Comment 2 Mike Conley (:mconley) - (needinfo me!) 2012-06-04 10:46:43 PDT
This assertion that we're failing seems to have been introduced via bug 746018.
Comment 3 :Irving Reid (No longer working on Firefox) 2012-06-04 11:01:03 PDT
I'm seeing it maybe 1/3 of the time on Mac
Comment 4 Florian Quèze [:florian] [:flo] 2012-06-05 06:10:11 PDT
This is how it looks in my terminal when it crashes:

Failed to load file:///Users/florian/buildhg/comm-central/obj-tbird/mozilla/dist/DailyDebug.app/Contents/MacOS/chrome/messenger/content/messenger/AccountManager.js
++DOMWINDOW == 28 (0x22deb3ec) [serial = 28] [outer = 0x1e7260f0]
WARNING: NS_ENSURE_TRUE(mScriptGlobalObject) failed: file /Users/florian/buildhg/comm-central/mozilla/content/xul/document/src/nsXULDocument.cpp, line 3598
WARNING: NS_ENSURE_TRUE((mCachedResponseHead->Status() / 100 != 3) || isCachedRedirect) failed: file /Users/florian/buildhg/comm-central/mozilla/netwerk/protocol/http/nsHttpChannel.cpp, line 2941
WARNING: cache check failed: file /Users/florian/buildhg/comm-central/mozilla/netwerk/protocol/http/nsHttpChannel.cpp, line 2857
--DOMWINDOW == 27 (0x22de992c) [serial = 27] [outer = 0x1e7260f0] [url = chrome://messenger/content/msgAccountCentral.xul]
--DOMWINDOW == 26 (0x22d9975c) [serial = 17] [outer = 0x228894d0] [url = about:blank]
--DOMWINDOW == 25 (0x22d7e4cc) [serial = 16] [outer = 0x2288f4b0] [url = about:blank]
--DOMWINDOW == 24 (0x22dd3e6c) [serial = 18] [outer = 0x1e7260f0] [url = about:blank]
Assertion failure: mCacheAsyncInputStream, at /Users/florian/buildhg/comm-central/mozilla/netwerk/protocol/http/nsHttpChannel.cpp:3450


And the same part of the log when it doesn't crash:
Failed to load file:///Users/florian/buildhg/comm-central/obj-tbird/mozilla/dist/DailyDebug.app/Contents/MacOS/chrome/messenger/content/messenger/AccountManager.js
++DOMWINDOW == 28 (0x24d1beac) [serial = 28] [outer = 0x1e726060]
WARNING: NS_ENSURE_TRUE(mScriptGlobalObject) failed: file /Users/florian/buildhg/comm-central/mozilla/content/xul/document/src/nsXULDocument.cpp, line 3598
WARNING: NS_ENSURE_TRUE(mCachedResponseHead) failed: file /Users/florian/buildhg/comm-central/mozilla/netwerk/protocol/http/nsHttpChannel.cpp, line 2126
--DOMWINDOW == 27 (0x22de970c) [serial = 27] [outer = 0x1e726060] [url = chrome://messenger/content/msgAccountCentral.xul]
--DOMWINDOW == 26 (0x22d9969c) [serial = 17] [outer = 0x228894d0] [url = about:blank]
--DOMWINDOW == 25 (0x22d7e40c) [serial = 16] [outer = 0x2288f4c0] [url = about:blank]
--DOMWINDOW == 24 (0x22dd3d9c) [serial = 18] [outer = 0x1e726060] [url = about:blank]
Comment 5 Florian Quèze [:florian] [:flo] 2012-06-05 06:32:20 PDT
Note: The 2 logs in comment 4 were with -purgecaches on the command line.

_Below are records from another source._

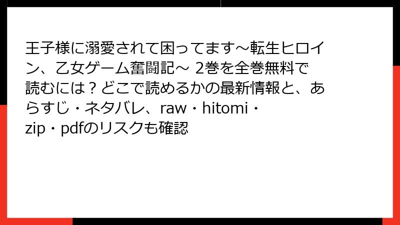 王子様に溺愛されて困ってます~転生ヒロイン、乙女ゲーム奮闘記~ 2巻 を海賊版サイトで読むリスク
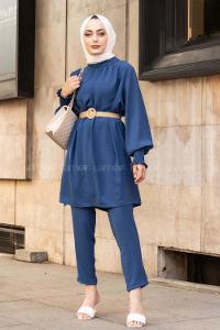 Modalamelif Hasır Kemerli Kolu Lastikli İkili Takım İndigo
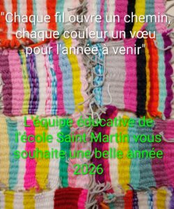 By Angélique GARREAU7 janvier 2026CE1/CE2, CE2/CM1, CM2, GS/CP, les associations OGEC et "Petits et Grands", TPS/PS/MS oeuvre de tissage réalisée par la classe de CM2 lors des ateliers inter-générationnels avec les résidents de « La Rive de l’Auxence »
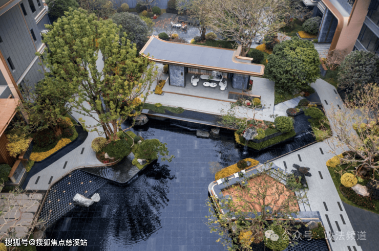 整个园林采用围合式布局,拥有“七大主题组团与四大功能空间”,其中,中庭景观园林约3300㎡,采用对景、借景、框景、障景的造园手法运用,营造出沉浸式的酒店式度假秘境。

Without it, I see an additional assertion, immediately after the "Failed to load" message:

Failed to load file:///Users/florian/buildhg/comm-central/obj-tbird/mozilla/dist/DailyDebug.app/Contents/MacOS/chrome/messenger/content/messenger/AccountManager.js
###!!! ASSERTION: Existing entry in disk StartupCache.: 'zipItem == nsnull', file /Users/florian/buildhg/comm-central/mozilla/startupcache/StartupCache.cpp, line 344
Comment 6 Florian Quèze [:florian] [:flo] 2012-06-05 06:45:54 PDT
I've just tried with a fresh profile, and some of the messages in comment 4 and 5 don't appear.

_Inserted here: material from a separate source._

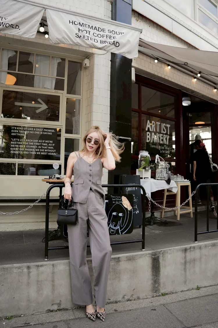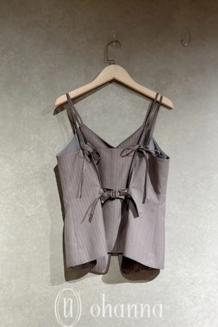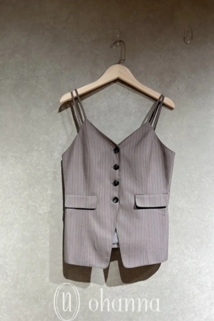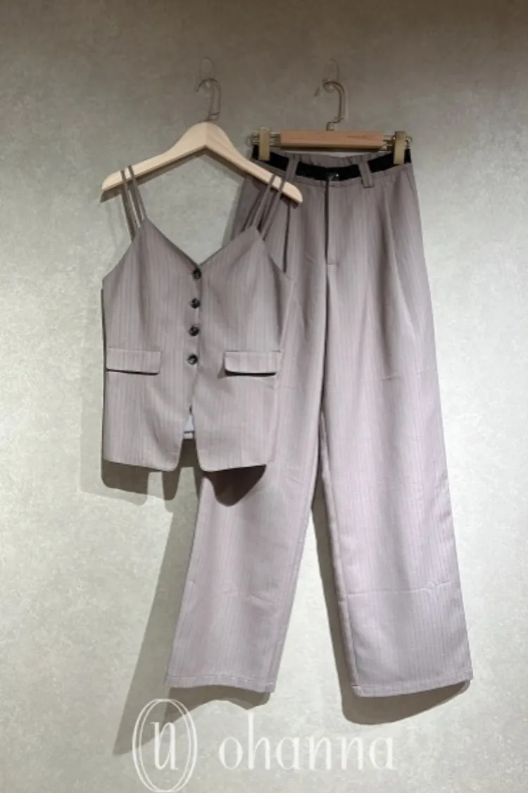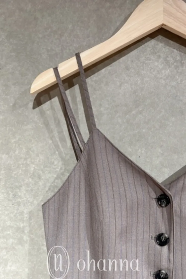 Y114(自訂款)灰色線條排扣細肩帶西裝背心+長褲

In my terminal before the crash I see:
WARNING: NS_ENSURE_TRUE((mCachedResponseHead->Status() / 100 != 3) || isCachedRedirect) failed: file /Users/florian/buildhg/comm-central/mozilla/netwerk/protocol/http/nsHttpChannel.cpp, line 2941
WARNING: cache check failed: file /Users/florian/buildhg/comm-central/mozilla/netwerk/protocol/http/nsHttpChannel.cpp, line 2857
Assertion failure: mCacheAsyncInputStream, at /Users/florian/buildhg/comm-central/mozilla/netwerk/protocol/http/nsHttpChannel.cpp:3450


And when there's no crash I see:
WARNING: NS_ENSURE_TRUE(mCachedResponseHead) failed: file /Users/florian/buildhg/comm-central/mozilla/netwerk/protocol/http/nsHttpChannel.cpp, line 2126
Comment 7 Mike Conley (:mconley) - (needinfo me!) 2012-06-05 07:11:39 PDT
I reported this yesterday before the merge, so I'm pretty sure this crash just got merged over to comm-aurora.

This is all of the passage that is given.